▶ **SUPPLIED RECORDS**
•••••

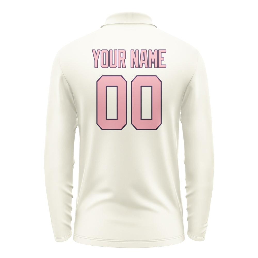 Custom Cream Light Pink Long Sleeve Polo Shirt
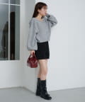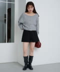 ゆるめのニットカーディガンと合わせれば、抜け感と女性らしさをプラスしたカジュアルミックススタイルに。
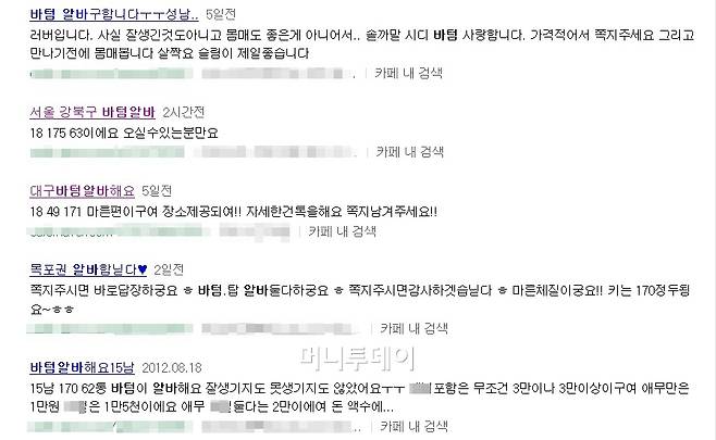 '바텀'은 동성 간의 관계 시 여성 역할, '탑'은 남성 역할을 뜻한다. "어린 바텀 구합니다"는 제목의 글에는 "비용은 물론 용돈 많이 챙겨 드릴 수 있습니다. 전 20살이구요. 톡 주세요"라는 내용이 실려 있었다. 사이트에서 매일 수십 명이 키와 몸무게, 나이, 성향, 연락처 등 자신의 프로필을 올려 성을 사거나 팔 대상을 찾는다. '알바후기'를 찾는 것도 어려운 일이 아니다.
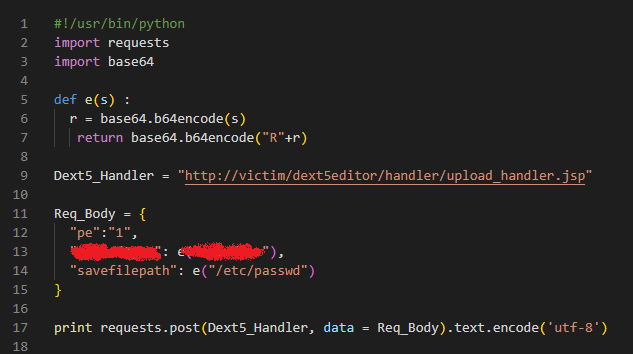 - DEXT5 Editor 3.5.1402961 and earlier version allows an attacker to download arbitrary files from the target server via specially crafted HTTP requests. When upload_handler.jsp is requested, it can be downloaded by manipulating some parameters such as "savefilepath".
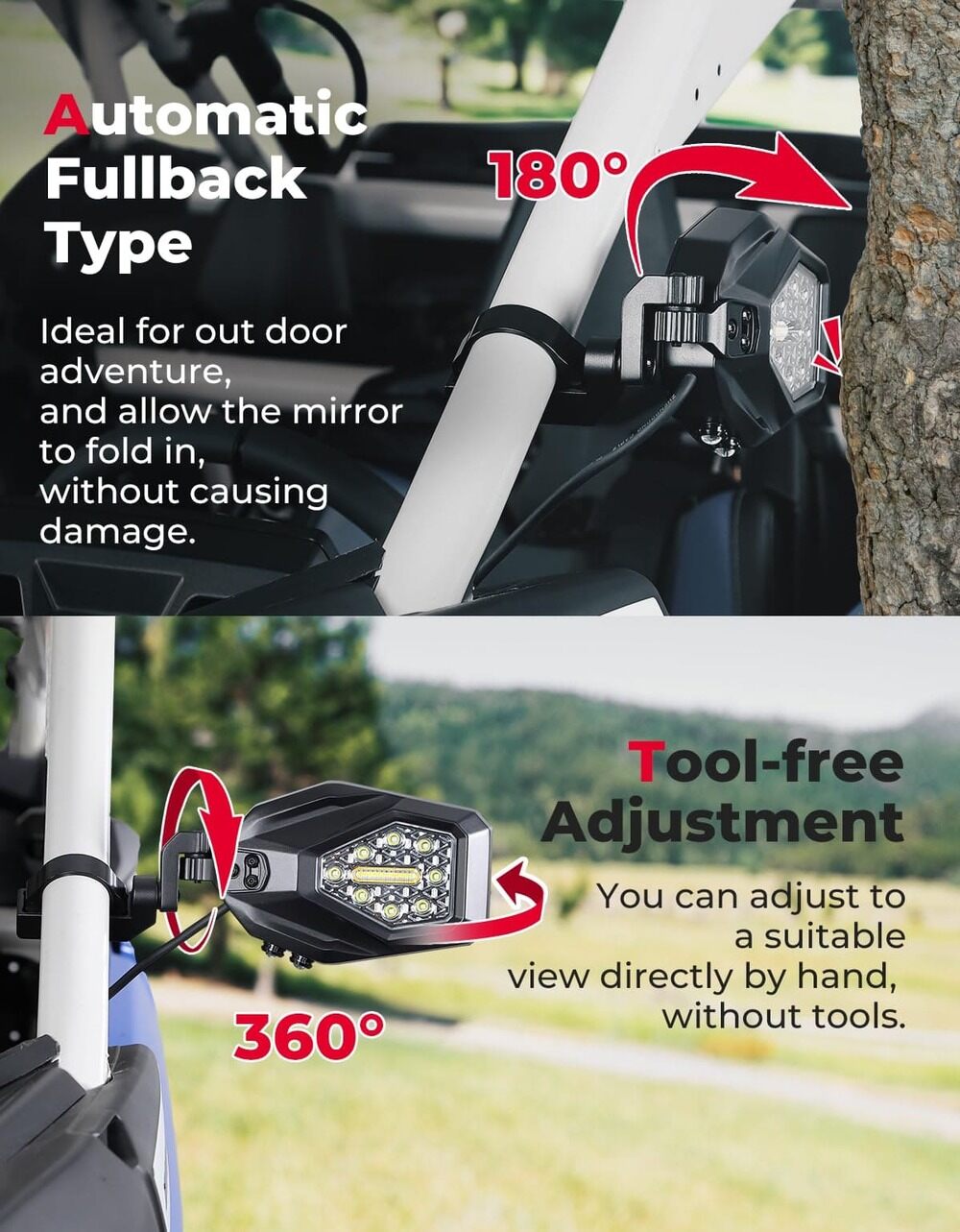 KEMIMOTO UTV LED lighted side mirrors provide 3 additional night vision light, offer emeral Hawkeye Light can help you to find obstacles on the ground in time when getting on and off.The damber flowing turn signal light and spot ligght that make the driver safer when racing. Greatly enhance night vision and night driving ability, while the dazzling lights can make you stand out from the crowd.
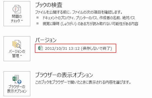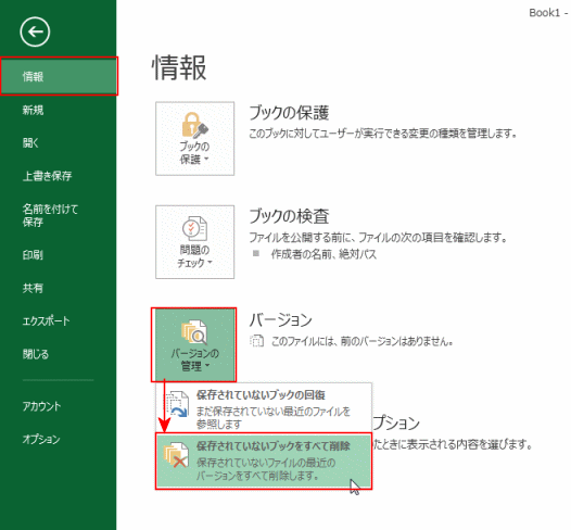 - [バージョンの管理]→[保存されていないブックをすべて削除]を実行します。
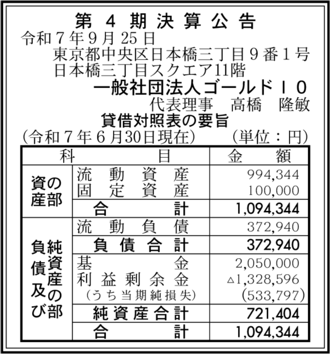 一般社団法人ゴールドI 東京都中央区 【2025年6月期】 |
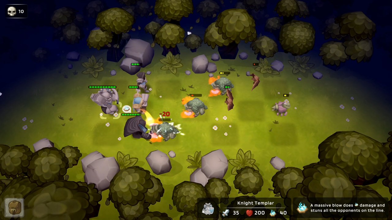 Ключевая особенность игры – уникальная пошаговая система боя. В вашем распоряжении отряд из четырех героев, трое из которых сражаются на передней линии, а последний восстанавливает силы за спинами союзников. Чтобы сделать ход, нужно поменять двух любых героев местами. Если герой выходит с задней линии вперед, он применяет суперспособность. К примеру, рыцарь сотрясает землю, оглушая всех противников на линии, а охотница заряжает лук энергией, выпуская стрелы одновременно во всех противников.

•••••

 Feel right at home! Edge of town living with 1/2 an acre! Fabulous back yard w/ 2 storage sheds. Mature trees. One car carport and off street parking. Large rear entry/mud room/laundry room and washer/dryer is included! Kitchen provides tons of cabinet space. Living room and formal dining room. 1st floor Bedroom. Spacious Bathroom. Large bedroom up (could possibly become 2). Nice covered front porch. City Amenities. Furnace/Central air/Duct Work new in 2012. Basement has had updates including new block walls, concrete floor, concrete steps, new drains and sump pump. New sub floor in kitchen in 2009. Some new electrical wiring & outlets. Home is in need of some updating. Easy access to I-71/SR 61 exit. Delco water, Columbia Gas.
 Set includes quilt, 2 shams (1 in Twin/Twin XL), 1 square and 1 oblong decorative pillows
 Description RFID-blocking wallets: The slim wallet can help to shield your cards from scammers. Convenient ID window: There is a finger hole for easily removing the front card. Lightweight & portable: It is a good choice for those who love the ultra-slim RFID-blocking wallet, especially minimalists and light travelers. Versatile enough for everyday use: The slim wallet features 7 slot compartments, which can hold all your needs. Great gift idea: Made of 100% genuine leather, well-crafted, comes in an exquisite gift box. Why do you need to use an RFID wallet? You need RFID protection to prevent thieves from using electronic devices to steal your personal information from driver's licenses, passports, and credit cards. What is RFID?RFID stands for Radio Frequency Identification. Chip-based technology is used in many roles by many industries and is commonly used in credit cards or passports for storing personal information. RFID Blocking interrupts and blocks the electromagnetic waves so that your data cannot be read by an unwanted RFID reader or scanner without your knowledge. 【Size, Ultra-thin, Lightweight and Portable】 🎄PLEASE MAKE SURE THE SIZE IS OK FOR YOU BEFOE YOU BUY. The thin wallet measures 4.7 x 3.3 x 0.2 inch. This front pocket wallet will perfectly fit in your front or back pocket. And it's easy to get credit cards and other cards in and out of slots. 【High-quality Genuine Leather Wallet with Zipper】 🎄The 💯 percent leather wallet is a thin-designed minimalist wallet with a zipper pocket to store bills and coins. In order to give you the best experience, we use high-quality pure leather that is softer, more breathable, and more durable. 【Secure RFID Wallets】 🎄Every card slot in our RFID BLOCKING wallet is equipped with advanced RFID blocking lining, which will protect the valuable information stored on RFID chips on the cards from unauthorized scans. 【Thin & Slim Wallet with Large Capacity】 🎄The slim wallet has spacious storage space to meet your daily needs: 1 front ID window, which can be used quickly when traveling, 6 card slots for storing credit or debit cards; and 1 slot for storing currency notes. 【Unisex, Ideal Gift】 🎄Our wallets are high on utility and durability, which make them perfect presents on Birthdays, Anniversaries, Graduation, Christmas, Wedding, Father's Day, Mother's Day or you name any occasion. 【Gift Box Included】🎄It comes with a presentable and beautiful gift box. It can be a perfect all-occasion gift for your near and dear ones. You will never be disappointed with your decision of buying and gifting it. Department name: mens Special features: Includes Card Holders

•••••

▶ **PROBLEM TO WORK ON**
Above are the records; copy exactly the lines from the one with "Custom Cream Light" through the one with "Ключевая особенность игры", including both, and nothing more. Leave out pictures.

▶ **FINISHED TASK**
 Custom Cream Light Pink Long Sleeve Polo Shirt
 ゆるめのニットカーディガンと合わせれば、抜け感と女性らしさをプラスしたカジュアルミックススタイルに。
 '바텀'은 동성 간의 관계 시 여성 역할, '탑'은 남성 역할을 뜻한다. "어린 바텀 구합니다"는 제목의 글에는 "비용은 물론 용돈 많이 챙겨 드릴 수 있습니다. 전 20살이구요. 톡 주세요"라는 내용이 실려 있었다. 사이트에서 매일 수십 명이 키와 몸무게, 나이, 성향, 연락처 등 자신의 프로필을 올려 성을 사거나 팔 대상을 찾는다. '알바후기'를 찾는 것도 어려운 일이 아니다.
 - DEXT5 Editor 3.5.1402961 and earlier version allows an attacker to download arbitrary files from the target server via specially crafted HTTP requests. When upload_handler.jsp is requested, it can be downloaded by manipulating some parameters such as "savefilepath".
 KEMIMOTO UTV LED lighted side mirrors provide 3 additional night vision light, offer emeral Hawkeye Light can help you to find obstacles on the ground in time when getting on and off.The damber flowing turn signal light and spot ligght that make the driver safer when racing. Greatly enhance night vision and night driving ability, while the dazzling lights can make you stand out from the crowd.
 - [バージョンの管理]→[保存されていないブックをすべて削除]を実行します。
 一般社団法人ゴールドI 東京都中央区 【2025年6月期】 |
 Ключевая особенность игры – уникальная пошаговая система боя. В вашем распоряжении отряд из четырех героев, трое из которых сражаются на передней линии, а последний восстанавливает силы за спинами союзников. Чтобы сделать ход, нужно поменять двух любых героев местами. Если герой выходит с задней линии вперед, он применяет суперспособность. К примеру, рыцарь сотрясает землю, оглушая всех противников на линии, а охотница заряжает лук энергией, выпуская стрелы одновременно во всех противников.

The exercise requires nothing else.